RECORDS SUPPLIED ->
━━━

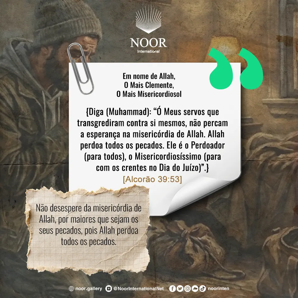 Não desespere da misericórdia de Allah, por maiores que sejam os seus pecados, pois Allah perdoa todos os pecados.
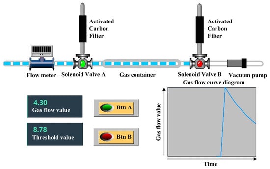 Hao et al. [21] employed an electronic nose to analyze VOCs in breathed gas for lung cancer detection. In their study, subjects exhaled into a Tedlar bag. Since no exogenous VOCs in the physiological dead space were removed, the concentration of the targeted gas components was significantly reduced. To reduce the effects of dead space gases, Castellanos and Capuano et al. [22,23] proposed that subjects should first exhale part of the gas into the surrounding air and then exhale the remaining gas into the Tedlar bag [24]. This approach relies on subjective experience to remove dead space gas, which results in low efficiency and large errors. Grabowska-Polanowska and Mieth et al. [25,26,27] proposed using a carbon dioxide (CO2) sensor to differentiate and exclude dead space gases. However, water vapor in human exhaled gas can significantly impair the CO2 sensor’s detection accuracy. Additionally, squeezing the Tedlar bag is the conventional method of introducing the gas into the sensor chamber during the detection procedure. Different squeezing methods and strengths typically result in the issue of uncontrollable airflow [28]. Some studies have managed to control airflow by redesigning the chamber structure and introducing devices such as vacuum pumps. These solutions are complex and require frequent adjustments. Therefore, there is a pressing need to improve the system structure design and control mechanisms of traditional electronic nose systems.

━━━

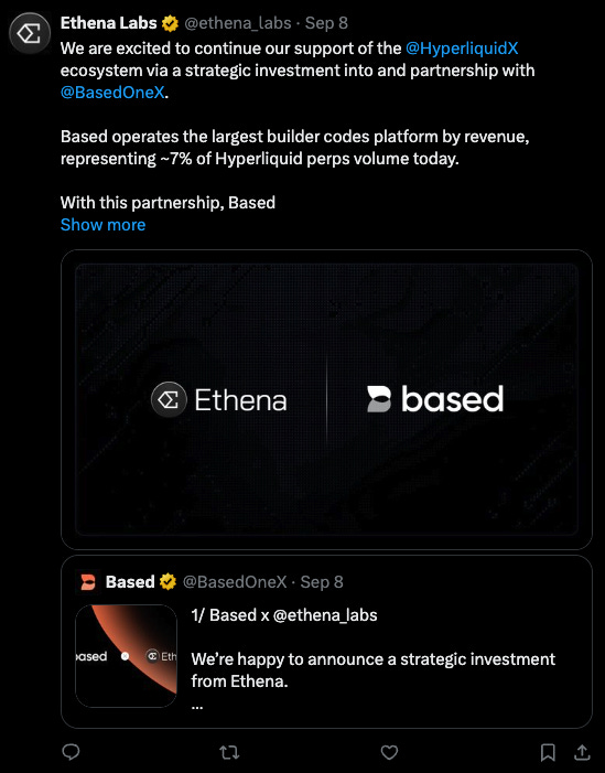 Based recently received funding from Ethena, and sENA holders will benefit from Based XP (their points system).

━━━

WHAT YOU ARE ASKED TO DO ->
Exact copy, pictures excluded: from the line with "Não desespere da" up to and including the line with "Hao et al. [21]" in the data above.

EXERCISE ANSWER ->
 Não desespere da misericórdia de Allah, por maiores que sejam os seus pecados, pois Allah perdoa todos os pecados.
 Hao et al. [21] employed an electronic nose to analyze VOCs in breathed gas for lung cancer detection. In their study, subjects exhaled into a Tedlar bag. Since no exogenous VOCs in the physiological dead space were removed, the concentration of the targeted gas components was significantly reduced. To reduce the effects of dead space gases, Castellanos and Capuano et al. [22,23] proposed that subjects should first exhale part of the gas into the surrounding air and then exhale the remaining gas into the Tedlar bag [24]. This approach relies on subjective experience to remove dead space gas, which results in low efficiency and large errors. Grabowska-Polanowska and Mieth et al. [25,26,27] proposed using a carbon dioxide (CO2) sensor to differentiate and exclude dead space gases. However, water vapor in human exhaled gas can significantly impair the CO2 sensor’s detection accuracy. Additionally, squeezing the Tedlar bag is the conventional method of introducing the gas into the sensor chamber during the detection procedure. Different squeezing methods and strengths typically result in the issue of uncontrollable airflow [28]. Some studies have managed to control airflow by redesigning the chamber structure and introducing devices such as vacuum pumps. These solutions are complex and require frequent adjustments. Therefore, there is a pressing need to improve the system structure design and control mechanisms of traditional electronic nose systems.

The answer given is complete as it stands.